## DATASET EXTRACT

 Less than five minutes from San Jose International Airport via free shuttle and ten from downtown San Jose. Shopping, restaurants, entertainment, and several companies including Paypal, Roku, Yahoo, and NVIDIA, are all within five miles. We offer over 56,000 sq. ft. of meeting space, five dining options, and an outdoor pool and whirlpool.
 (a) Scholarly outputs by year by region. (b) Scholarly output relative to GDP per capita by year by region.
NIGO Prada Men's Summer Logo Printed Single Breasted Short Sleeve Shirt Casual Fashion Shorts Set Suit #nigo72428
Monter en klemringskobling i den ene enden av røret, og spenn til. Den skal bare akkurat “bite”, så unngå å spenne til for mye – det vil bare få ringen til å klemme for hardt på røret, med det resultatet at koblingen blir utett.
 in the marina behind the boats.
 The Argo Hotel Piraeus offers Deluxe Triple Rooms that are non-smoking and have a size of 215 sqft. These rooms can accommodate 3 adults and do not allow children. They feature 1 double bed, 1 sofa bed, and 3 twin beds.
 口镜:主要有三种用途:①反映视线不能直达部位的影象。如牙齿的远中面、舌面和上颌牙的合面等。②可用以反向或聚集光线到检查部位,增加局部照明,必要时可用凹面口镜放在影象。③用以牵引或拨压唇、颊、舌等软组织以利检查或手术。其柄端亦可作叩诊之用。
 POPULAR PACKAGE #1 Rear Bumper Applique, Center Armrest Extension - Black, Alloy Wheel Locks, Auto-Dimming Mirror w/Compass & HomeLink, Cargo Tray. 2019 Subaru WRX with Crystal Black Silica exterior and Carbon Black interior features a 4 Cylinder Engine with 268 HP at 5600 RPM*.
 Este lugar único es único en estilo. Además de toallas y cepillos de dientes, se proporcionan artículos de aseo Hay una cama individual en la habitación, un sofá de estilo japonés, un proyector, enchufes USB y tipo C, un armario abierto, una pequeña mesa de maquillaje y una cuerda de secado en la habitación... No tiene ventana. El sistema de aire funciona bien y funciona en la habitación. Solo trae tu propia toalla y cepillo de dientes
---
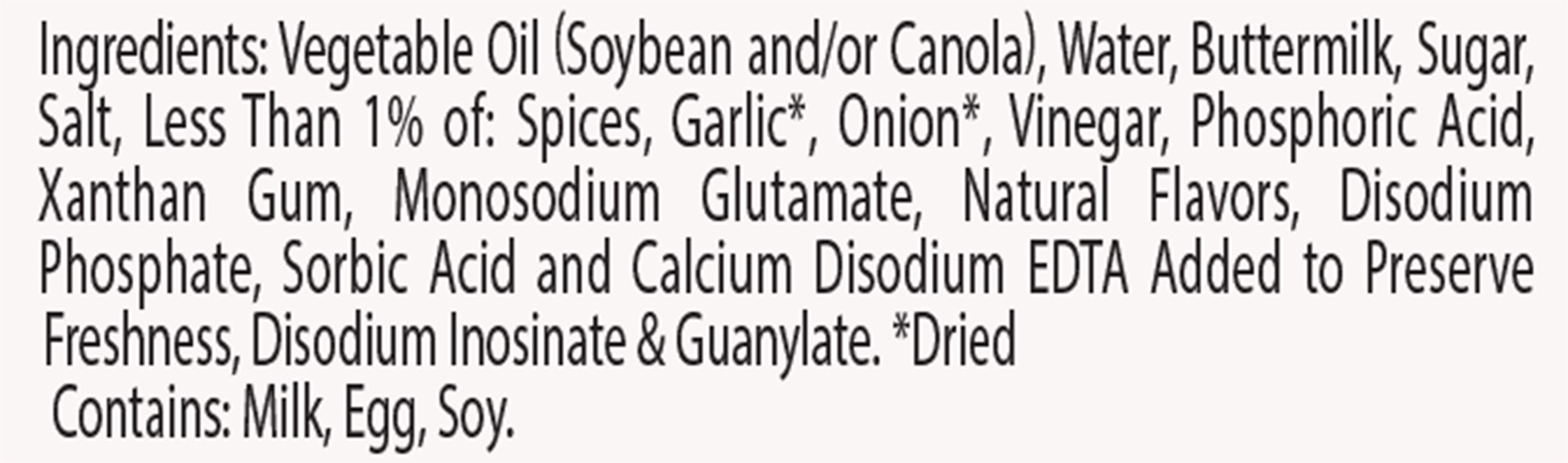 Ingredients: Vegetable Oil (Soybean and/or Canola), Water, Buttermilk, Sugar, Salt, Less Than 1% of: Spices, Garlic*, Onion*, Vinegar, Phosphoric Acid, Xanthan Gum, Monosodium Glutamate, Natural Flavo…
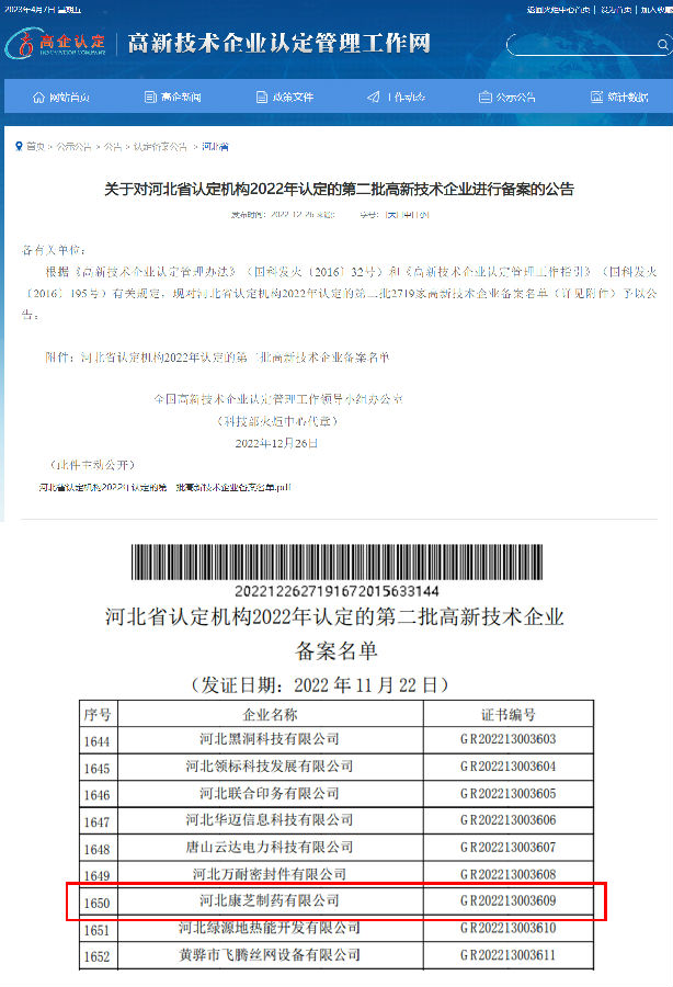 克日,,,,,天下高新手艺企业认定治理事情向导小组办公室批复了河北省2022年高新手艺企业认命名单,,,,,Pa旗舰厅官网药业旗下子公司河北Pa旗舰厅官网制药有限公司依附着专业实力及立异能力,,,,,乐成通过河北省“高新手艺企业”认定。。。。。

## BRIEF
Output, from the data above, the lines from the line with "Less than five" to the line with "Este lugar único" exactly as they stand, both ends included and nothing else.

## COMPLETED TASK
 Less than five minutes from San Jose International Airport via free shuttle and ten from downtown San Jose. Shopping, restaurants, entertainment, and several companies including Paypal, Roku, Yahoo, and NVIDIA, are all within five miles. We offer over 56,000 sq. ft. of meeting space, five dining options, and an outdoor pool and whirlpool.
 (a) Scholarly outputs by year by region. (b) Scholarly output relative to GDP per capita by year by region.
NIGO Prada Men's Summer Logo Printed Single Breasted Short Sleeve Shirt Casual Fashion Shorts Set Suit #nigo72428
Monter en klemringskobling i den ene enden av røret, og spenn til. Den skal bare akkurat “bite”, så unngå å spenne til for mye – det vil bare få ringen til å klemme for hardt på røret, med det resultatet at koblingen blir utett.
 in the marina behind the boats.
 The Argo Hotel Piraeus offers Deluxe Triple Rooms that are non-smoking and have a size of 215 sqft. These rooms can accommodate 3 adults and do not allow children. They feature 1 double bed, 1 sofa bed, and 3 twin beds.
 口镜:主要有三种用途:①反映视线不能直达部位的影象。如牙齿的远中面、舌面和上颌牙的合面等。②可用以反向或聚集光线到检查部位,增加局部照明,必要时可用凹面口镜放在影象。③用以牵引或拨压唇、颊、舌等软组织以利检查或手术。其柄端亦可作叩诊之用。
 POPULAR PACKAGE #1 Rear Bumper Applique, Center Armrest Extension - Black, Alloy Wheel Locks, Auto-Dimming Mirror w/Compass & HomeLink, Cargo Tray. 2019 Subaru WRX with Crystal Black Silica exterior and Carbon Black interior features a 4 Cylinder Engine with 268 HP at 5600 RPM*.
 Este lugar único es único en estilo. Además de toallas y cepillos de dientes, se proporcionan artículos de aseo Hay una cama individual en la habitación, un sofá de estilo japonés, un proyector, enchufes USB y tipo C, un armario abierto, una pequeña mesa de maquillaje y una cuerda de secado en la habitación... No tiene ventana. El sistema de aire funciona bien y funciona en la habitación. Solo trae tu propia toalla y cepillo de dientes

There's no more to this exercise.